Even more delightful would be the fact that the Democrats, especially the brand-spanking-new Democrats, would have to vote the first week of a new session to save the President. Fine, have the vote. These new Democrats, many from marginal districts would have to take responsibility for casting their very first vote on over-turning the impeachment of the President. Bring it on.

RONALD REAGAN, HOSS

. Last night I attended a lecture at my old stomping ground, the American Enterprise Institute (www.aei.org). Edmund Morris, author of The Rise of Theodore Roosevelt, and official biographer of Ronald Reagan, gave an interesting talk about the subject of his forthcoming book, Dutch: A Memoir of Ronald Reagan. It was illuminating. But as a friend of mine observed, it was rather like eating sushi, a very delicately prepared series of morsels that in the end left the patron unsatisfied. Morris’s book has been over a decade in the making and has been delayed several times. It is one of those topics that fascinates New York-Washington journalistic and publishing circles: “When is the damn thing going to be done?”

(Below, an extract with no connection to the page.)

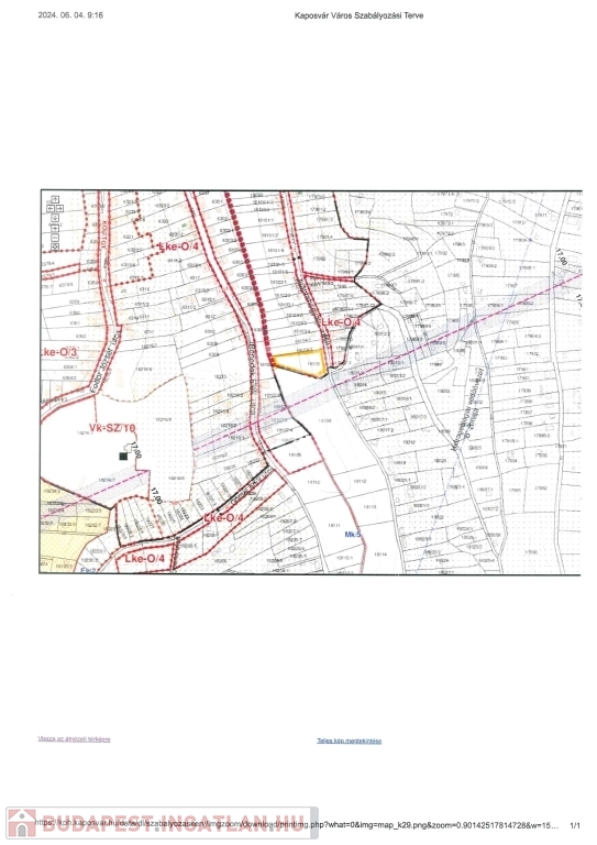 A telek Lke-o/4 övezeti besorolásba tartozik mely szerint:
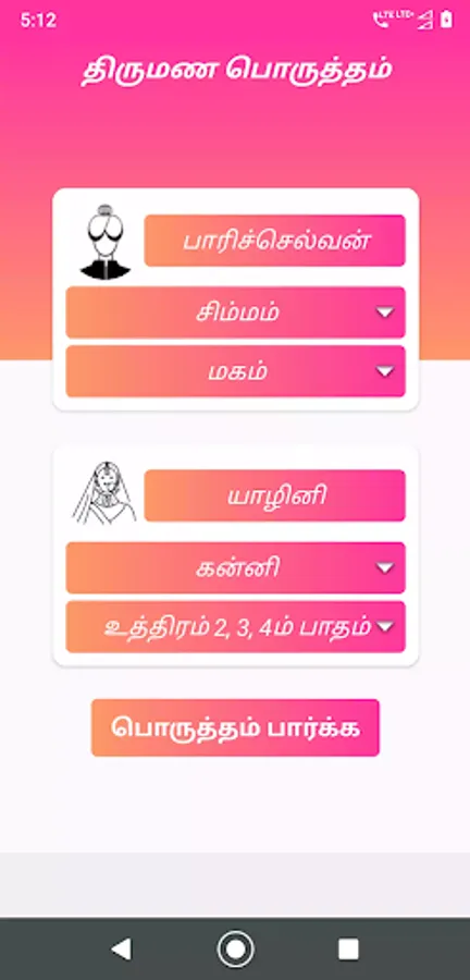 This thirumana porutham app is completely free for Tamil traditional marriage matching. Just enter the girl's name with rasi and natchathiram then, register the boy's name with the rasi and star. It gives you the matching based on the star and rasi.

The threat of Morris’s book has scared away many lesser biographers (Morris’s TR bio is arguably the greatest American political biography ever written). After listening to him speak, I worry that the task may be too much for the man, not so much because Morris is not capable but because Reagan is impenetrable. The more Morris talked, the more supernatural Reagan became. Reagan reportedly never tried to stack the deck about his historical legacy with Morris. In private sessions that more mortal men would have used to edify future generations, Reagan contented himself with telling stories of his radio days. Morris makes it sound like Reagan was a divine scalpel employed by our Creator for excising the Cold War and all of its bile from the global body. He was not an intellectual but he always knew what to do, even when the pointy-heads had no idea. His imagination was greater than most men’s intellect. But as fascinating as Reagan is, Morris seemed to be skirting around the fact that he can’t figure the man out.

But if he can’t figure out Reagan, I was curious if he could figure out the country that elected him. The Presidency, for good and for ill, is the center ring of American political culture. It struck me as startling that in the span of George Bush’s one presidential term, America could go from believing that Ronald Reagan was the best expression for our aspirations to believing that Bill Clinton is. I don’t even mean the Bill Clinton we know now, but the 1992 Bill Clinton. Ronald Reagan came from a drunk and “abusive” father as defined in our twelve-step culture. We never heard a word about it. Bill Clinton came from a similar household and he ran on that fact. His Man From Hope video at the Democratic Convention was as boastful of Clinton’s lush father as Teddy Roosevelt was of San Juan Hill. Ronald Reagan led by always appearing heroic, if not always acting that way. Bill Clinton “felt our pain.” What does this say about a society that can turn on a dime that way? I asked Morris about this and he used the historians’ dodge of saying he wasn’t qualified to judge Clinton or the political culture. But he did offer that Clinton was a political chameleon of sorts. He has played TR, FDR, Truman, Johnson, and even (gasp) Reagan to varying degrees of effectiveness. Reagan, on the other hand, was always Reagan.